Это было жестоко и отвратительно, но Цергард Эйнер был вынужден так поступить. Намётанным глазом контрразведчика он сразу увидел: Сногр узнал его, и уже готов выдать врагу. Он не винил его за это, бывает такая боль, что родину продашь ради одной минуты её отсрочки.
Но у регерда Сногра дома остался маленький сын, здоровый и крепкий, страстно любимый отцом. И ради этого ребёнка он будет молчать, хоть режь его на куски, хоть на медленном огне поджаривай. Потому что намёк цергарда Эйнера увидеть и понять сумел. Но был уже не в состоянии сообразить затуманенным болью разумом, что выдай он сейчас лжемонаха врагу — никто не узнает о его предательстве, и некому будет отдать страшный приказ.
Цергард Эйнер был опытным специалистом и умел чувствовать состояние подследственного. Эту часть своей работы он не любил, но и не стыдился её, когда дело касалась врагов. Но в ту минуту он радовался от души, что инцидент со Сногром прошёл мимо внимания его спутников, что они так и не узнали, и не узнают никогда, какую гнусность — маленькую, почти ничего не значащую, но очень подлую — он совершил для их общего спасения… И так тошно было вспоминать потом о несчастном регарде Сногре, умершем под пытками с мыслью, что человек, которому он верил, которому преданно служил, грозился убить его ребёнка… А хуже всего, что и сам он не был уверен, мучился вопросом, и определиться не мог: если бы обстоятельства вынудили, решился бы он отдать такой приказ, или нет? Чтобы собственную жизнь спасти — нет, однозначно. А ради жизни всего человечества?… Очень, очень страшный вопрос, страшный выбор…

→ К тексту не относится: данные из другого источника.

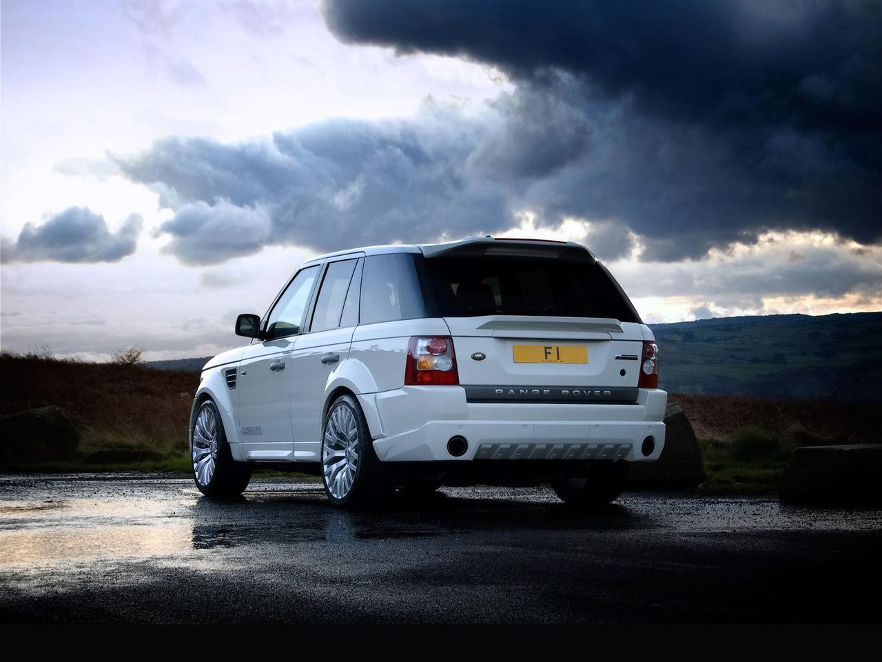 Range rover em asfalto molhado em meio a uma nuvem
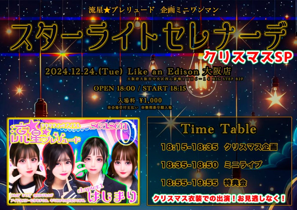 2025/1/16(木)「流星★プレリュード企画ミニワンマン『スターライトセレナーデ』”クリスマスSP”」@Like an Edison 大阪店(大阪・西心斎橋) 2024/12/24(火) 「流星★プレリュード企画ミニワンマン『スターライトセレナーデ』”クリスマスSP”」 会場:Like an Edison 大阪店(大阪・西心斎橋) OPEN 18:00 / START 18:15 出演:流星★プレリュード チケット料金:入場料 ¥1,000 チケット予約:https://tiget.net/events/366875 2024年12月21日 0
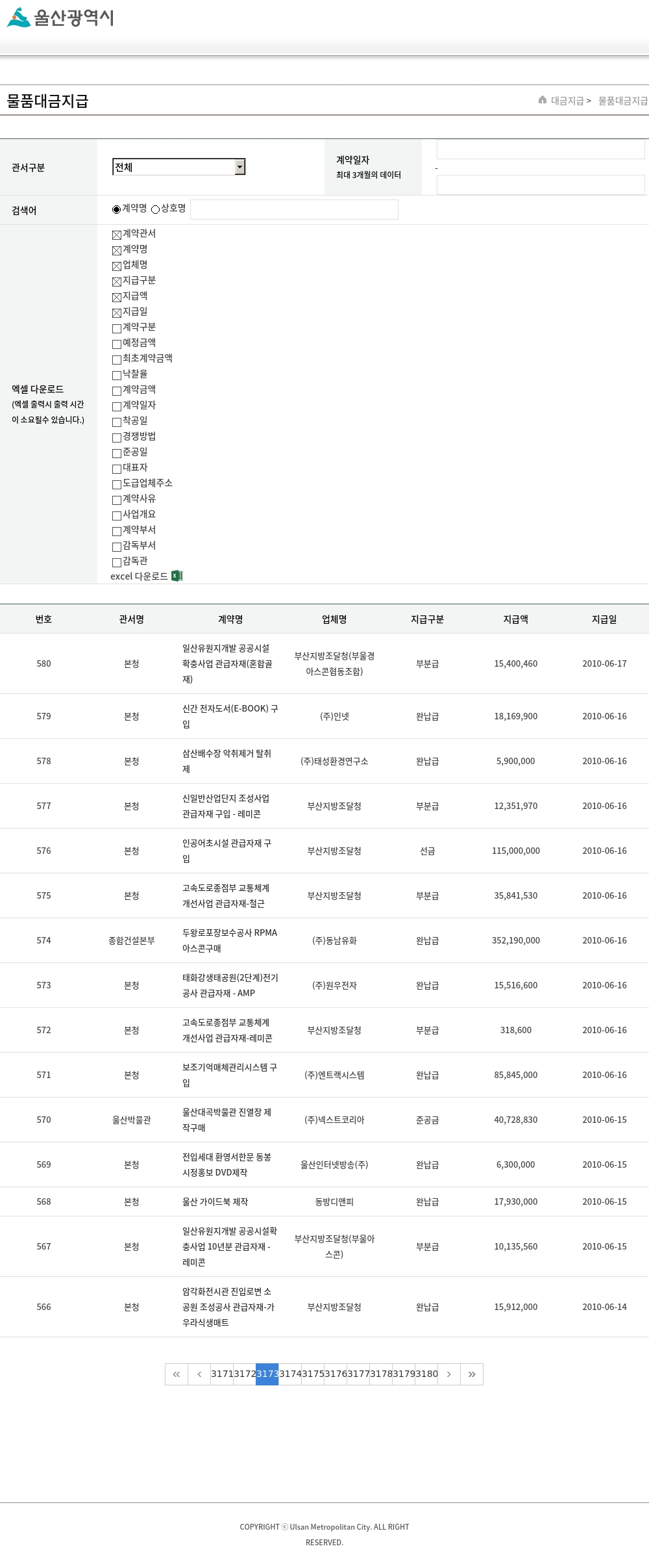 | 660 | 본청 | 신항만부두 연결도로 개설공사 관급자재-철근 | 부산지방조달청 | 완납급 | 18,656,760 | 2010-06-28 |

Но в тот момент ему было ещё не до философских размышлений — в кабинет явился новый полицейский следователь, и допрос начался. Это тоже было страшно. Агард Тапри и пришелец Гвейран, по счастью, не знали, что их ждёт, они могли надеяться на лучшее. Но цергарду Эйнеру было прекрасно известно: квандорцы считают достоверными лишь те показания, что получены под пыткой. Архаичное, по-средневековому дикое правило, касающееся и своих, и чужих.
…Военный следователь Аф-Мыжиг был сравнительно молод, но уже неповоротлив, одышлив и толст — болезненное ожирение, не от сытной жизни нажитое, а от дрянной суррогатной пищи. Ни одного зачёта по физподготовке и спецподготовке он сдать не мог (кроме, разве, стрельбы по неподвижной мишени), и любого другого на его месте давно бы уже наладили на передовую в качестве пушечного мяса. Но у Аф-Мыжига имелось два отличительных достоинства: острый аналитический ум и дядя в военном министерстве. Поэтому на службе его продолжали держать, но чтобы не мозолил глаз начальства своим неподобающим видом, заслали куда подальше, на самый передний край, в пропитанный радиацией Выргр: авось да помрёт от лучевых болезней, если раньше бомбой не накроет…
Так, пренебрежительно и цинично, рассуждали чиновники в центральном управлении. Но прифронтовые сослуживцы относились к толстому следователю совсем иначе, с большим уважением. И ценили они его не за дядю — что за дело до военного министерства тому, кто каждый день ходит под смертью? Просто он на самом деле был очень толковый специалист, именно ему непосредственное начальство поручало самые трудные, бесперспективные или неприятные дела.
Новое дело оказалось из их числа. Неприятное. Скользкое. Ошибки в их работе вообще недопустимы, но в этом случае — особенно. Государства разные, государства воюют, но церковь как была единой, так и осталась, и вступать с ней в конфликт крайне нежелательно… Эх, да и не в церкви суть, не в попах с их сладкими песнями! Создателей прогневить страшно — вот главное! Создатели не любят, чтобы обижали их избранных слуг, Создатели карают беспощадно… С другой стороны, окажись монахи ряжеными — это ведь какая удача! Простая полевая полиция обошла саму контрразведку! Задержала разведгруппу из трёх… нет, надо присчитать вон того, что висит — чего ему зря болтаться? — и внести в рапорт… Да, значит, так: силами Выргрского отделения военно-полевой полиции обезврежена разведывательно-диверсионная группа из четырёх членов. Задержанные лица дают показания…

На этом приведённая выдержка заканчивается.